Quel amour de la Vie !
Mais il faudra parler de la Shoah,
de l’Ex-Yougoslavie,
du Rwanda !
pour lutter contre l’infamie,
pour combattre l’ignominie,
Surtout pas de pitié ni de merci,
Au secours ! Docteur, je victimise !

La dialectique, méthode juive, Oh, combien millénaire,
éclaire notre Histoire de ses luminaires,
Maïmonide, Freud ou Marx, hérétiques ou visionnaires,
leurs erreurs et innovations se lovent dans les bréviaires,
Vive la Révolution, la psychanalyse, en avant les volontaires !
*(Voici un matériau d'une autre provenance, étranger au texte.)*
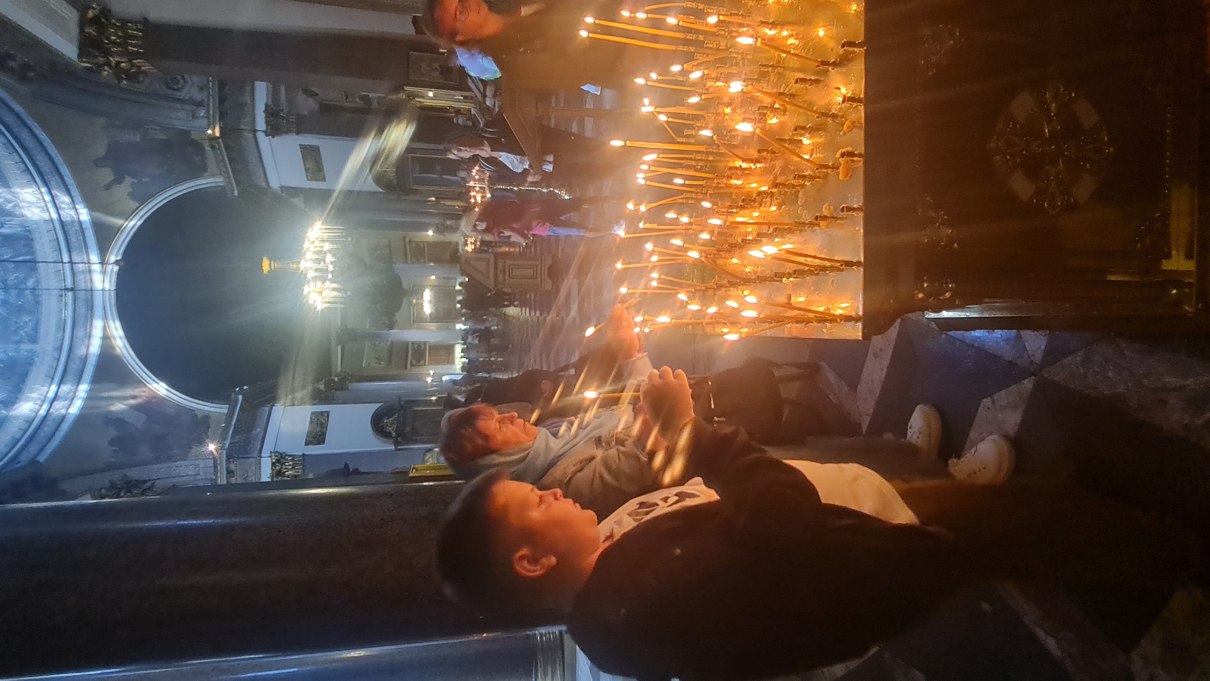 در این کلیسا , عبادت کنندگان از محلی درون کلیسا شمع خریداری میکردند و بعد از آتش زدن آن در بروی پایه ای اون رو کار میگذاشتند و دعا میخواندند.من بعد از تماشای اینکار متوجه شمعی شدم که بر روی زمین افتاده بود و هنوز سالم بود.اون رو برداشتم و آتش زدم و بر روی یکی از همین پایه ها قرار دادم.مردمی که به دور اون پایه جمع شده بودند با هیجان به من نگاه کردند و شروع به صلیب کشدن کردند.شاید فکر کردند یکی مسیحی شده و به آیین اونا رو اورده.منم با اشتیاق اونها همراه شدم و به تقلید از اونها صلیبی کشیدم و با چشمان بسته شروع به دعا کردم و البته زیر چشمی رفتار ها و ذوق اونها رو تماشا میکردم.
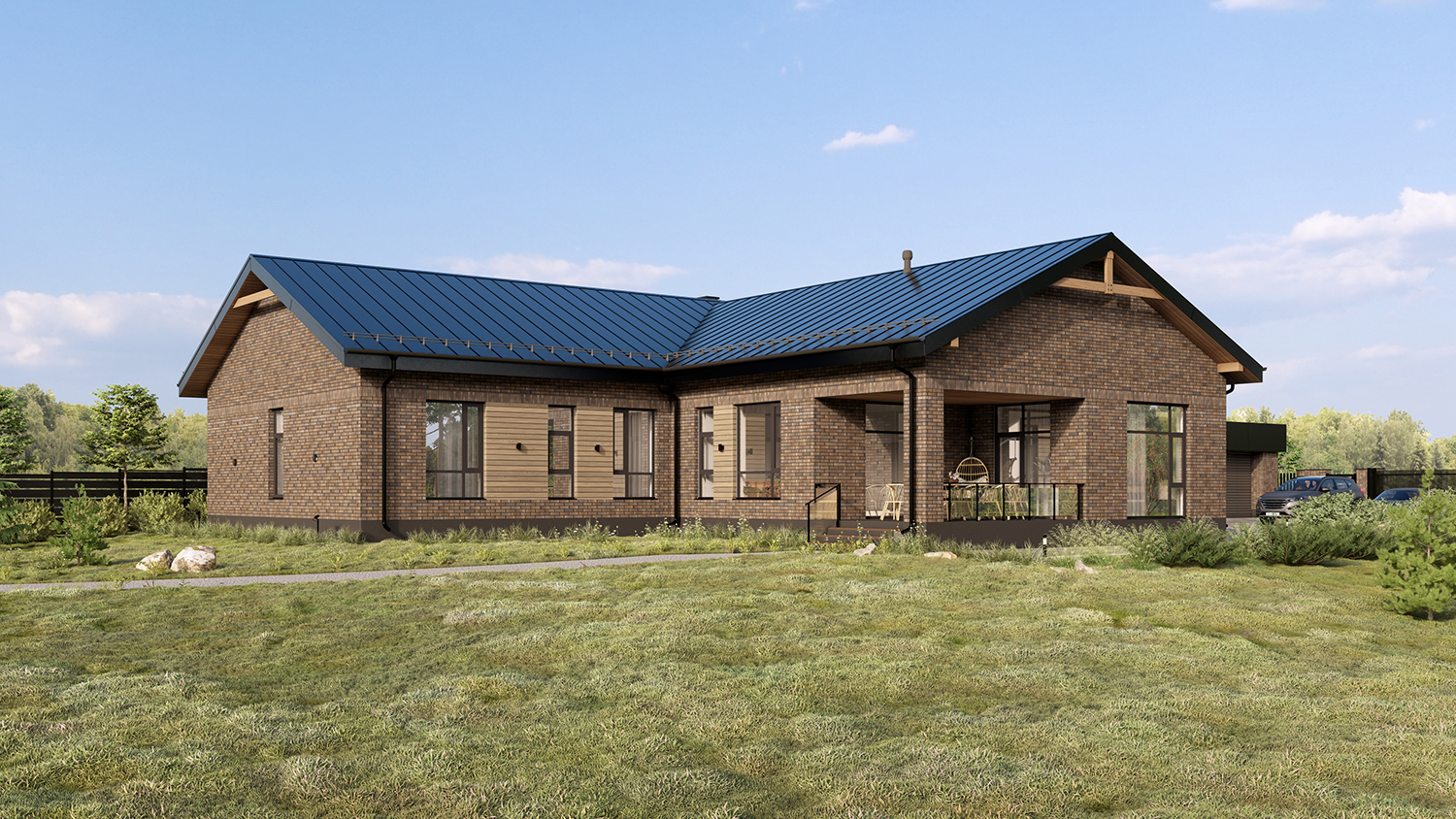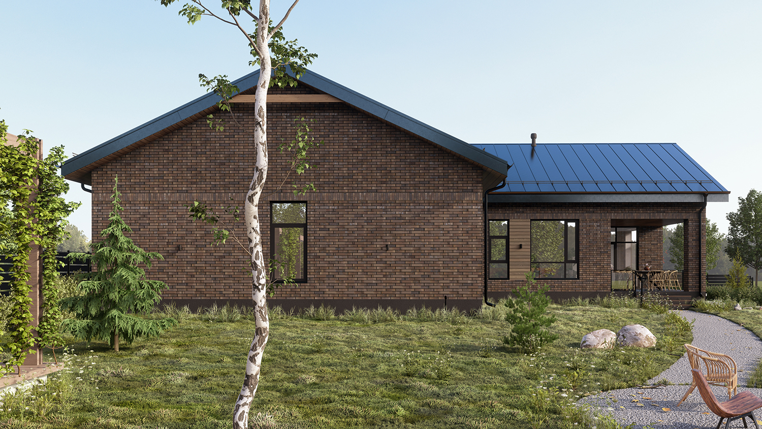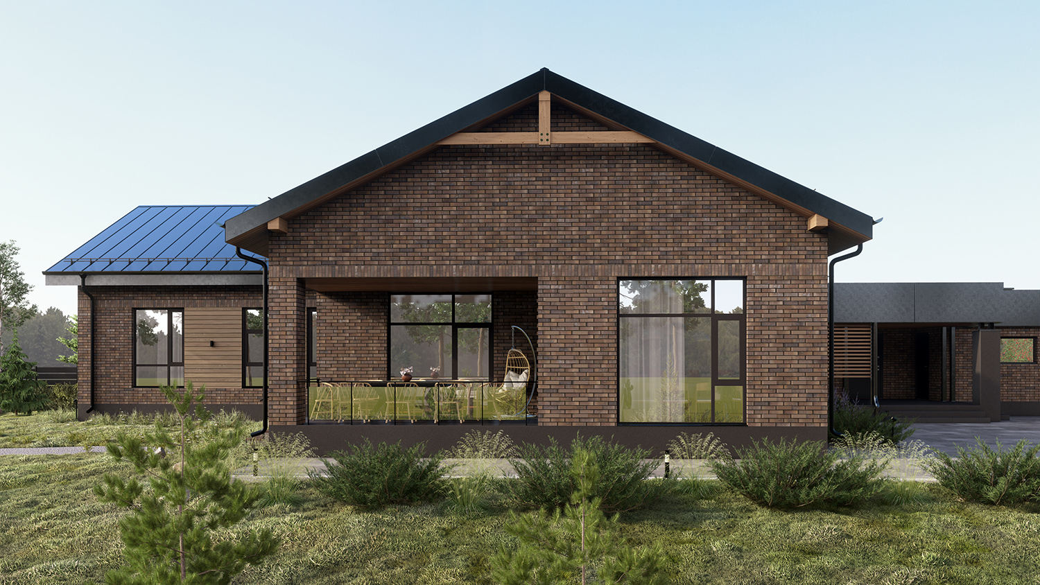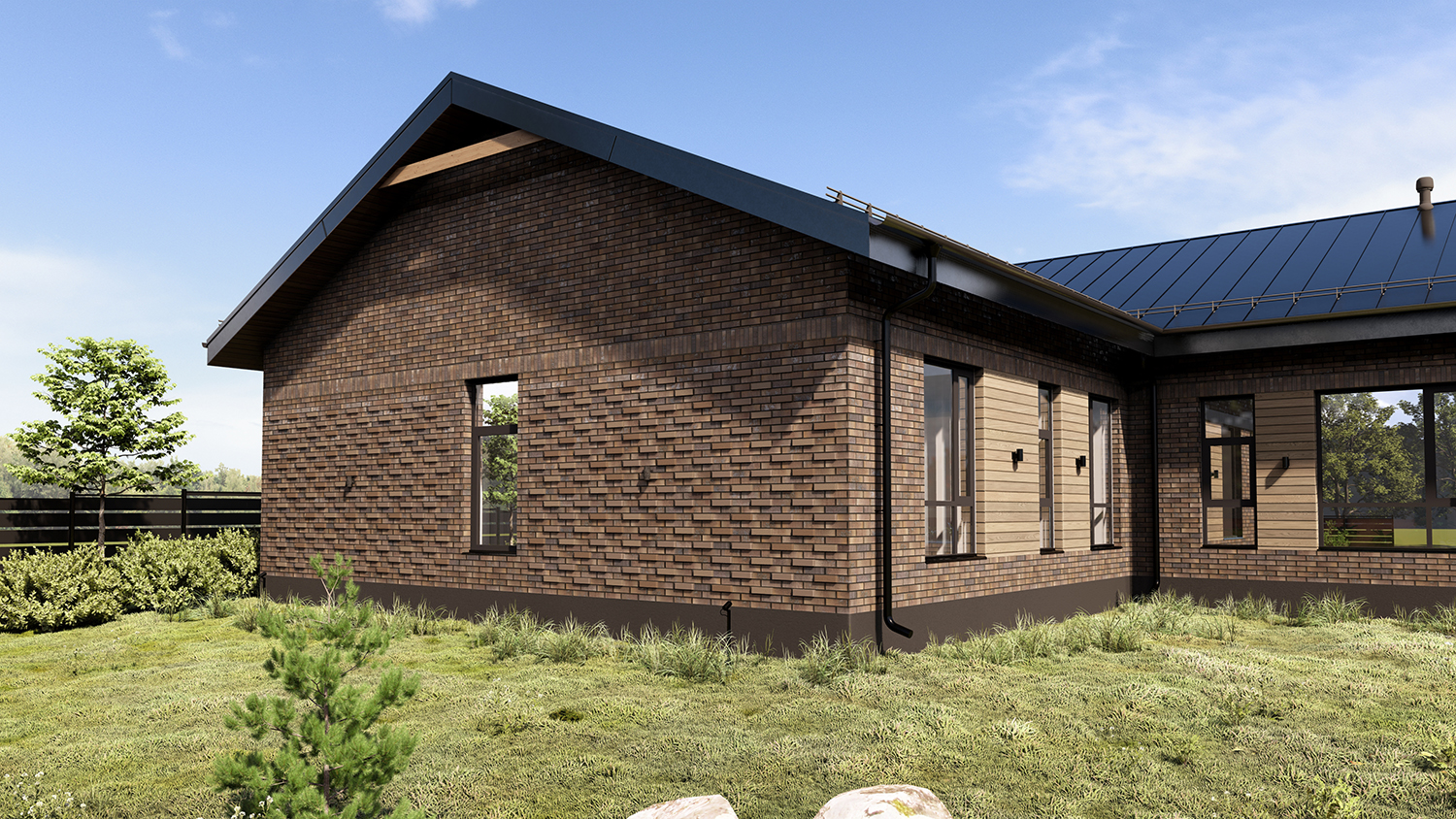 - Особенности: рельефный участок, две очереди строительства, разные фундаменты объемно-пространственных блоков. Кухня и гостиная разъединены – это было особым пожелание заказчиков.

Au secours, Docteur, je victimise !
Juif ou Goy, quelle importance ?
Accepter de l’entendre, c’est tolérance,
La valeur de l’être n’est pas fonction de sa différence,
Mais de l’échange naît la reconnaissance,
Surtout pas de pitié ni de condescendance !
Au secours ! Docteur, je victimise !

Là-dessus, avec toute mon amitié,
Je vous tire ma révérence,
Je vous fais un grand pied de nez,
pour rire et partager,
Pardonnez mon impertinence,
Docteur, je victimise !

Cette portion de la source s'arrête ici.